Before you start, keep in mind that someone else may have already built an add-on to normalize the data you have in mind. Check Splunkbase for CIM-compatible apps and add-ons that match your requirements.

1. Get your data in

If you have not already done so, get your data in to the Splunk platform.

Do not be concerned about making your data conform to the CIM in the parsing or indexing phase. You normalize your data to be CIM compliant at search time. See Getting Data In if you need more direction for capturing and indexing your data.

2. Examine your data in the context of the CIM

Determine which data models are relevant for the data source you are working with.

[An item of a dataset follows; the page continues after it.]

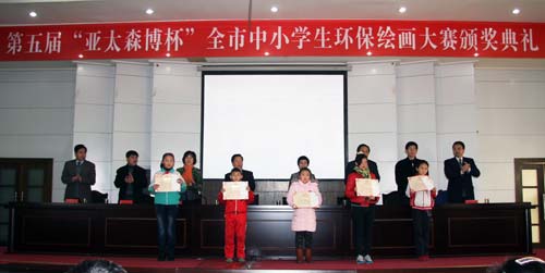 12月22日,由市僑聯、日照日報社、市教育局、市環保局主辦,山東亞太森博漿紙有限公司和日照日報文教周刊部承辦的第五屆“亞太森博杯”全市中小學生環保繪畫大賽頒獎典禮在日照日報社五樓會議室隆重舉行。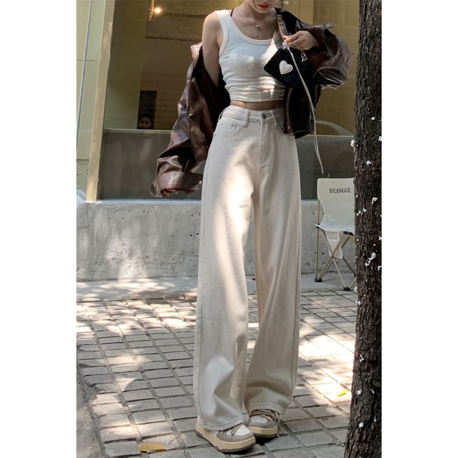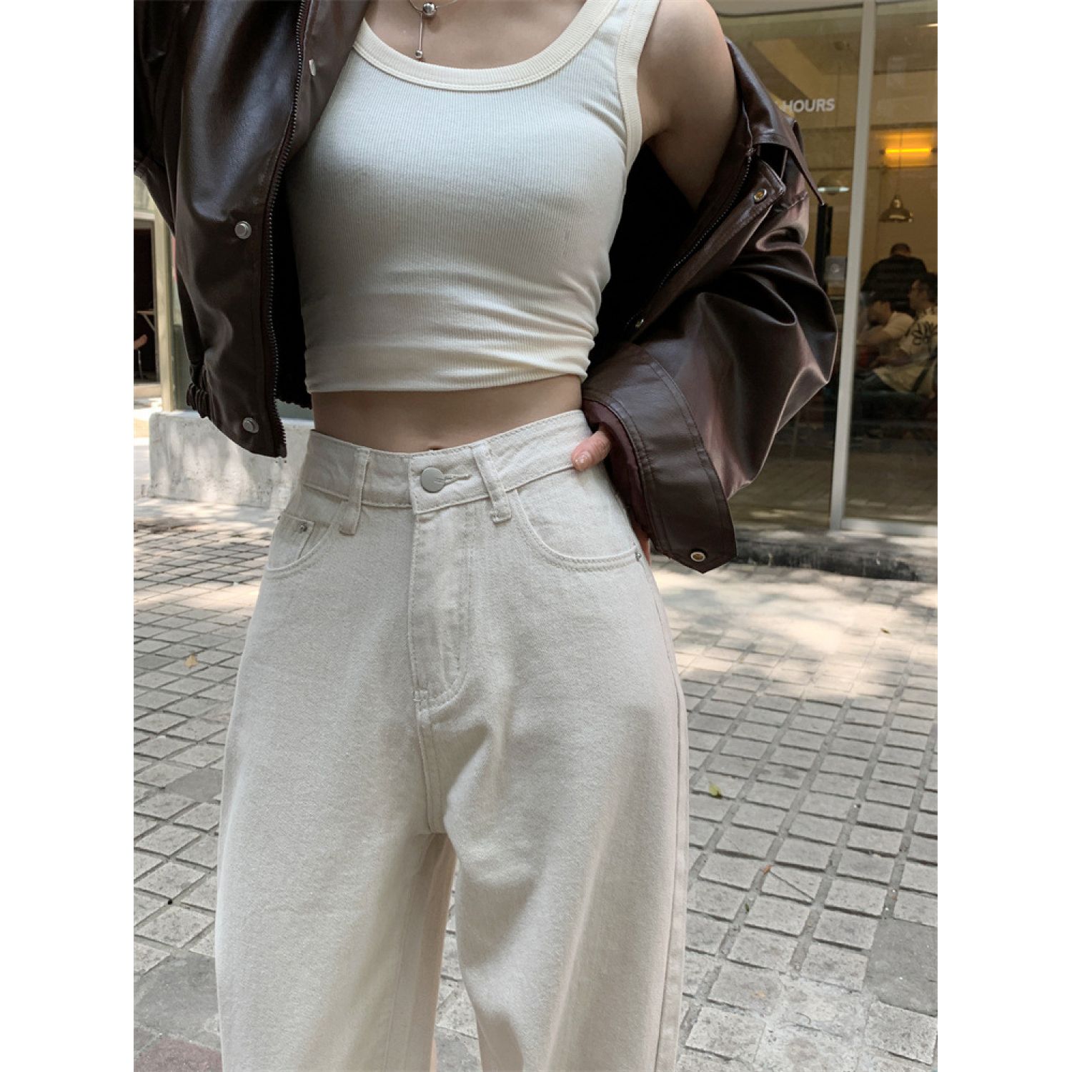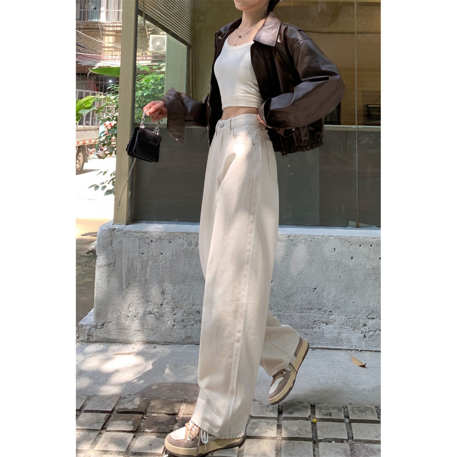 Product information: Fabric name: denim Color: White Elasticity: inelastic Main fabric composition: Cotton Pants length: trousers Waist type: high waist Size: XS,S,M,L,XL Pants type: straight-leg pants

Use the CIM reference tables to find fields that are relevant to your domain and your data. You might need to normalize data from a single event or source of events against more than one data model. Some events may be logs tracking create, read, update, delete (CRUD) changes to a system, others may log the login/logout activities for that system. For each different kind of event, look for data models that match the context of your data. For example, CRUD events map to the Change Analysis data model. Login events map to the Authentication data model.

Refer to How to use these reference tables for a description of how to compare the information in the reference tables with the data models in the Data Model Editor page in Splunk Web. Keep both the documentation and the Data Model Editor open for reference, because you need to refer to them in the following steps.

3. Configure CIM-compliant event tags

Apply tags to categorize your event data according to type.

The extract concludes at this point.